World Zoonoses Day is observed annually every July 6. This day aims to shed light on diseases that originate in animals that can be transmitted to humans. In a study by the C.D.C., 60% of all existing infectious diseases are zoonotic and at least 70% of emerging infectious diseases originate in animals.
History of World Zoonoses Day
On July 6, 1885, French biologist Louis Pasteur successfully administered the first rabies vaccine to a little boy bitten by a rabid dog. The vaccine not only prevented the child from getting rabies; it saved his life.
Rabies is just one example of many zoonotic diseases. Avian influenza, Ebola, and the West Nile Virus are some other examples that have been discovered over the years. Zoonotic pathogens can be viral, bacterial, or parasitic and can spread to humans through direct contact or indirectly through food, water, or the environment. It may even spread through an intermediary species. It does not just originate from wild animals like bats or monkeys. It can also come from pets and farm animals. The use of antibiotics in animals raised for food increases the potential for drug-resistant strains of zoonotic pathogens. That’s why animals have an important role in zoonotic infections.
As there are many types of Zoonotic diseases, there are also many types of treatments such as antibiotics. Some practices can help prevent the spread of foodborne zoonotic diseases like safe guidelines for animal care in the agriculture industry. Having access to clean drinking water and proper waste removal are effective ways to reduce the spread of diseases. Vaccinating household pets and maintaining proper hygiene like washing your hands after close contact with animals can also help.
Protecting and managing the health of animals that live alongside humans is vital. When we prevent diseases in animals, we safeguard the health of people.
World Zoonoses Day timeline
The Mosaic Esmuna Code of Babylon shows the first written account of rabies causing death in humans and dogs.
It was named after the Ebola River in the Democratic Republic of Congo.
The C.D.C. estimates that the global death toll due to H.1.N.1. influenza is more than 284,000.
WHO declares the novel coronavirus outbreak as a public health emergency of worldwide concern.
World Zoonoses Day FAQs
Which animals carry the most diseases?
Researchers have found that bats carry the highest number of unknown pathogens that can infect humans.
How many zoonotic viruses are there?
Currently, there are over 250 known zoonotic viruses, but many more may be waiting to be discovered.
What zoonotic disease has the highest fatality rate?
In a recent study from January to April 2021, rabies recorded the highest number of deaths at 88.31%.

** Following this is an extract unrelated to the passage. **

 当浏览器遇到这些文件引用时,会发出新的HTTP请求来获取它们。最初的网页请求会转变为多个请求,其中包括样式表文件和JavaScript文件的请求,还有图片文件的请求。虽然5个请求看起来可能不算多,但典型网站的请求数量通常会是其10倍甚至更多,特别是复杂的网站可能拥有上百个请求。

How to Observe World Zoonoses Day
Get your pet vaccinated
It’s a misconception that indoor pets don’t need rabies vaccinations. Make sure your cat or dog gets their shots. Always keep their vaccination schedule up to date for everyone’s safety.
Get yourself vaccinated
If you or someone you know has a high risk of exposure to rabies, like veterinarians or animal handlers, make sure to take extra care. Protect yourself and them by getting a pre-exposure rabies vaccination.
Support a pet shelter
Working at animal shelters can be challenging yet rewarding. Their staff always welcomes extra help, whether it's in the form of donations or volunteering to assist in the day-to-day duties.
5 Things To Know About Rabies
It’s a 100% preventable disease
Vaccinating animals protects them as well as the people who spend time with them.

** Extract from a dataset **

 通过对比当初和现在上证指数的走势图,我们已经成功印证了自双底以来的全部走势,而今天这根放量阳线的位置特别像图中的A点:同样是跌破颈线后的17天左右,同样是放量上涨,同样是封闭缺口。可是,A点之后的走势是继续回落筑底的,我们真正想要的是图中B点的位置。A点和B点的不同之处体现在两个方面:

Asia and Africa have the most infections
Tens of thousands of victims die every year.
Dogs are the main source for humans
They’re the main source of rabies deaths, contributing up to 99% of all transmissions to humans.

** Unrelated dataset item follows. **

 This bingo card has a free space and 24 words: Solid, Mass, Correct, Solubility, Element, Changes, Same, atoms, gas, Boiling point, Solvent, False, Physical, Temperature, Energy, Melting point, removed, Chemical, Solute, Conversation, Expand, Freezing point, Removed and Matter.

Thorough washing of a wound is important
Washing a wound from contact with a suspected rabid animal with soap and water may save a life.
Almost half the victims are children
Of those bitten by suspected rabid animals, 40% are children under 15 years old.
Why World Zoonoses Day is Important
It helps us take care of animals
Pet owners don’t just provide food and shelter for their animals. It’s also their responsibility to keep the animal and everyone around it safe, and vaccination is one way to do that.
It reminds us to be careful
Keep an eye on kids when they interact with animals. Be cautious. Don’t assume that if an animal is friendly — in the wild or indoors — it’s safe to touch.
It remembers those affected by zoonotic diseases
All over the world, lives and livelihoods have been lost or altered by the effects of different zoonotic diseases. This day reminds us of them.